Doha, Qatar, Apr 11: Coalition warplanes bombed a building early today believed to be occupied by Saddam Hussein's half brother, a close adviser who allegedly helped stash billions of dollars abroad for the Iraqi president. US Central Command said forces launched six satellite-guided bombs at a building near Ar Ramadi, about 95 kilometres west of Baghdad, in an attack on Barzan Ibrahim al-Tikriti. In a statement, the military said the 1115 IST attack was part of ``a continuing effort to degrade the Hussein regime'' and that damage assessment was ongoing. US Marine Major Brad Bartelt, a Central Command spokesman, said the building targeted today was an intelligence service operating site. Al-Tikriti was allegedly the chief organizer of a clandestine group of companies and funds handling the Iraqi leader's wealth, according to the Coalition for International Justice, a nonprofit organization based in The Hague, Netherlands, and in Washington.
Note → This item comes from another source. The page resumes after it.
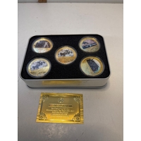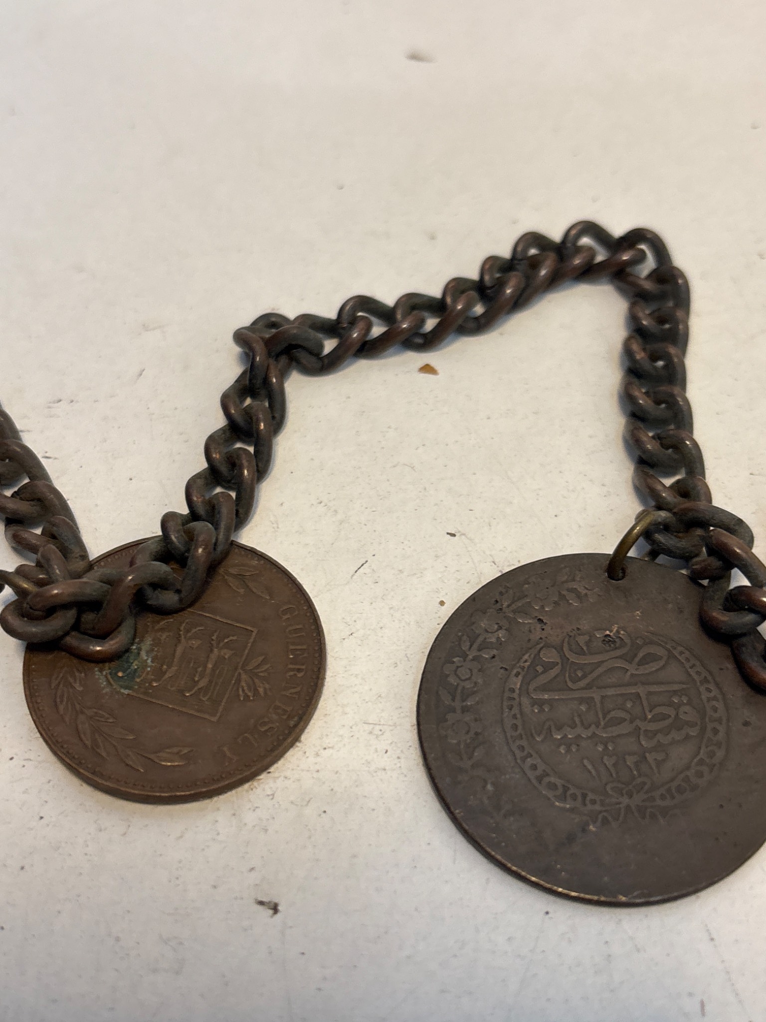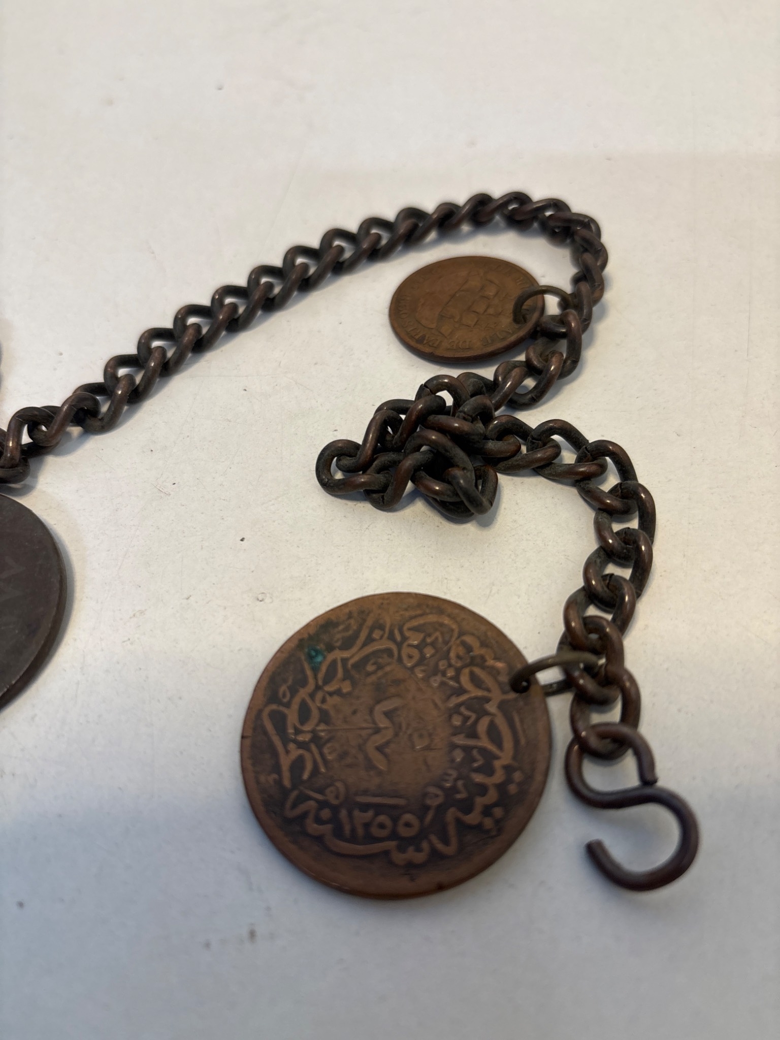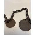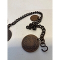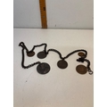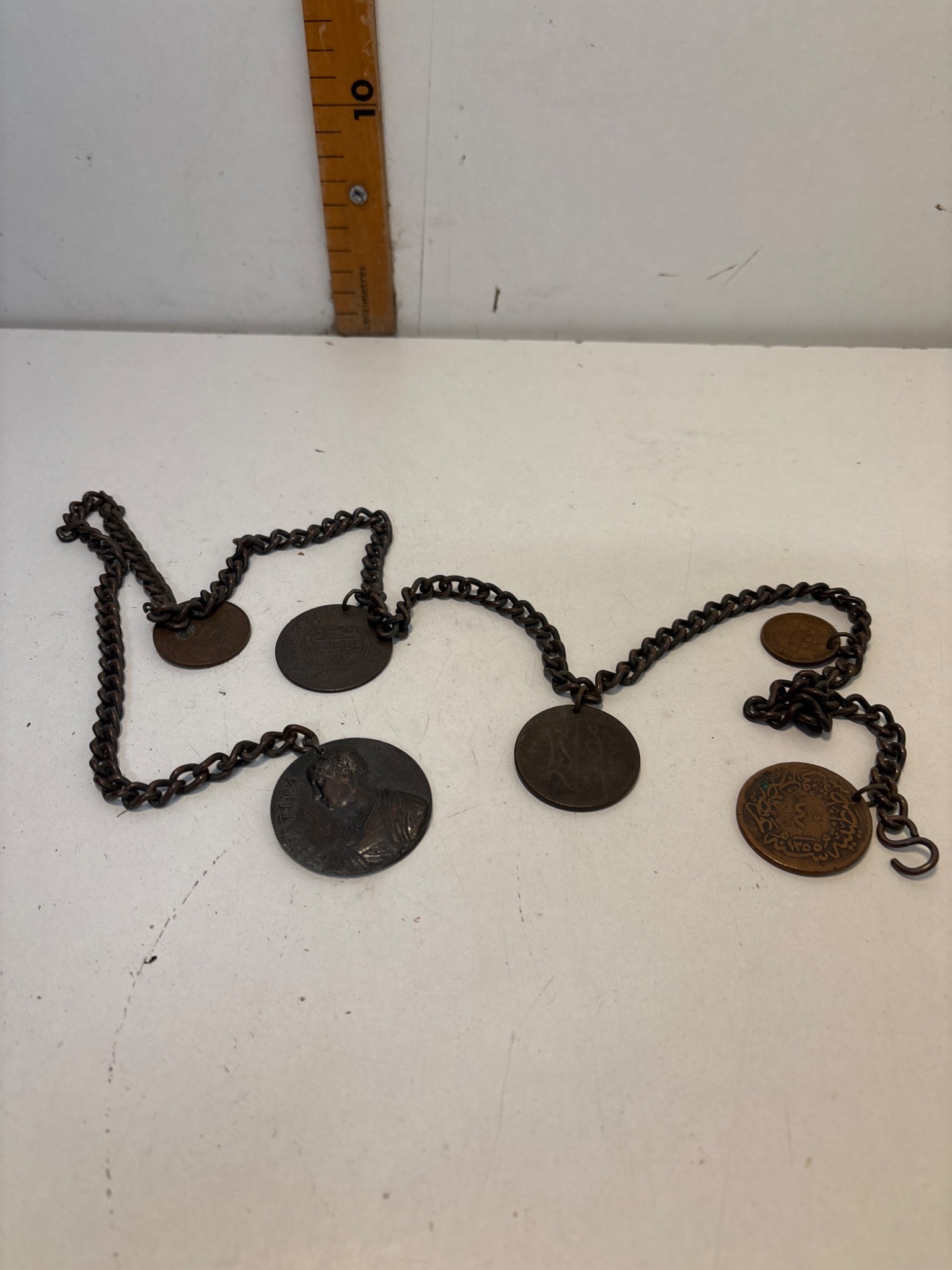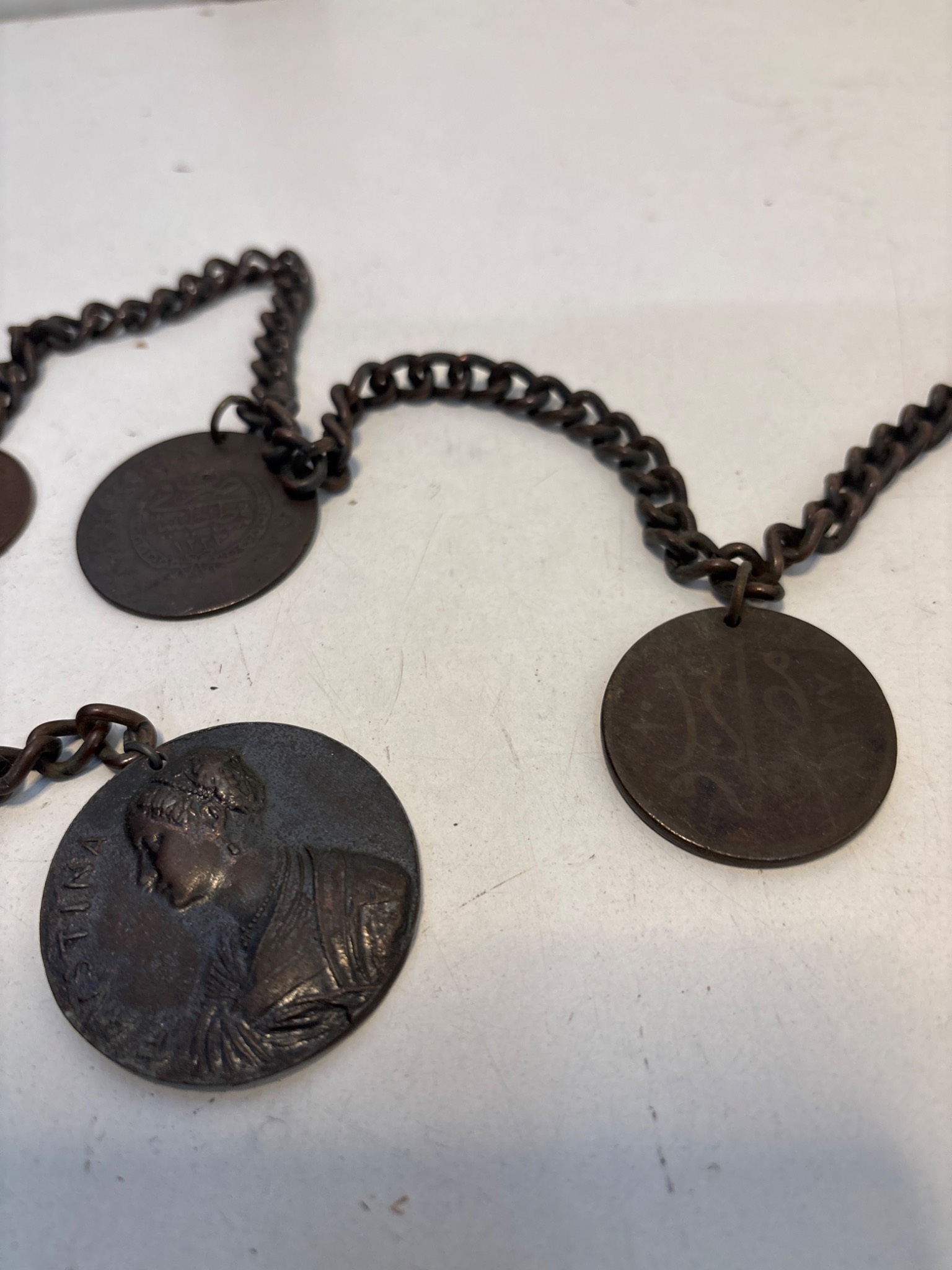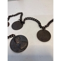 Chain with multiple bronze medallions featuring various engraved designs and inscriptions,

He was chief of Saddam's secret police in the 1980s and then Iraq's ambassador to UN offices in Geneva for nine years. While in Geneva, he set up the Iraqi president's financial network, the organization says.

Estimates of Saddam's wealth range from US $2 billion to US $40 billion. But experts say it has been so effectively hidden from Latin America to Asia that the real amount may never be known.